A number of subject specific terms are useful in order to discuss concisely frc structure and behaviour. The term frc itself can refer to either fibre-reinforced cement or fibre-reinforced concrete. There are a number of distinctions between the two. The first normally refers to thin-sheet material produced with high cement content (often 1:1 by weight with fine aggregate but occasionally just cement) and no coarse aggregate. The fibre content is relatively high (up to 5% by volume) and the fibres are intended to provide primary reinforcement, i.e. to provide increased bending strength, tensile strength and/or toughness. It will be referred to as primary frc. The second refers to concrete with cement plus fine and coarse aggregate, to which relatively small amounts of fibre (<1% by volume) are added as secondary reinforcement to help control shrinkage cracking or provide post-failure integrity for safety reasons (i.e., to prevent spalling after accidental overload). It will be referred to as secondary frc. There is some overlap between the two classes. Many authors use the two `frc’ terms interchangeably and in many contexts, the difference is unimportant, but where it is relevant it has been explicitly made clear.

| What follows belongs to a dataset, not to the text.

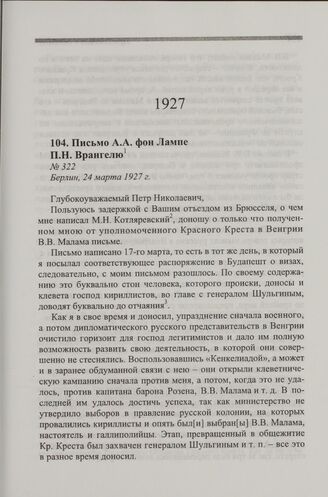 Главная Алексей фон Лампе - военный агент барона Врангеля в Венгрии Письмо А.А. фон Лампе П.Н. Врангелю. Берлин, 24 марта 1927 г.

As mentioned above, the unit reinforcement element in most frc other than steel-frc is a bundled group of filaments with space between them, which may or may not be filled with hydration product depending on the age of the composite and the nature of the matrix. Such a group of filaments is referred to as a `strand’. A group of strands is referred to as a `tow’ or a `roving’. A strand may be natural, as in sisal or coir-frc where the strand is a naturally occurring bundle of cellulose fibres containing both inter-filamental space and lumen pores, or artificial as in glass fibres, where strands of up to 200 filaments are grouped together during fibre manufacturing and held together by a soluble or partially soluble coating known as a `size’ (often derived from organics such as polyhydroxy-phenol). This size may also have an effect on the hydration at the interface and is normally designed to improve durability. Occasionally, frc is made with more than one type of fibre, e.g. glass and polypropylene. Such frc is referred to as hybrid-frc.
The amount of fibre in a given frc is normally expressed as fibre volume fraction Vf , defined as the volume of fibres divided by the volume of composite, and varies between about 0.1% and 10%. The limiting factor on Vf is generally its adverse effect on fresh concrete workability and/or compaction. Some analyses also require reference to matrix volume fraction Vm, which is 1 ÿ Vf .
As with ordinary concrete, most frc is made with matrices based on Portland cement (PC), i.e. that based on 3CaO.SiO2 (alite) and 2CaO.SiO2 (belite) as the main hydrating compounds. However, the use of pozzolanic additives and non- Portland cements is widespread, especially as the use of such matrices may confer durability benefits. A matrix made from PC with additions of additives such as metakaolin, condensed silica fume, pfa or ggbs is referred to as a modified matrix. A matrix based on a different chemistry, such as high-alumina cement or calcium sulpho-aluminate cement is referred to as a non-Portland (nP) matrix. There is some overlap between the modified and nP matrices, particularly in the addition of calcium sulpho-aluminates such as synthetic ye’elemite (4CaO.3Al2O3.SO3) to PC. Although an additive such as this would normally suggest that the matrix be referred to as modified, the additive radically alters the hydration behaviour and hydrated phase assemblage such that it should really be considered as nP.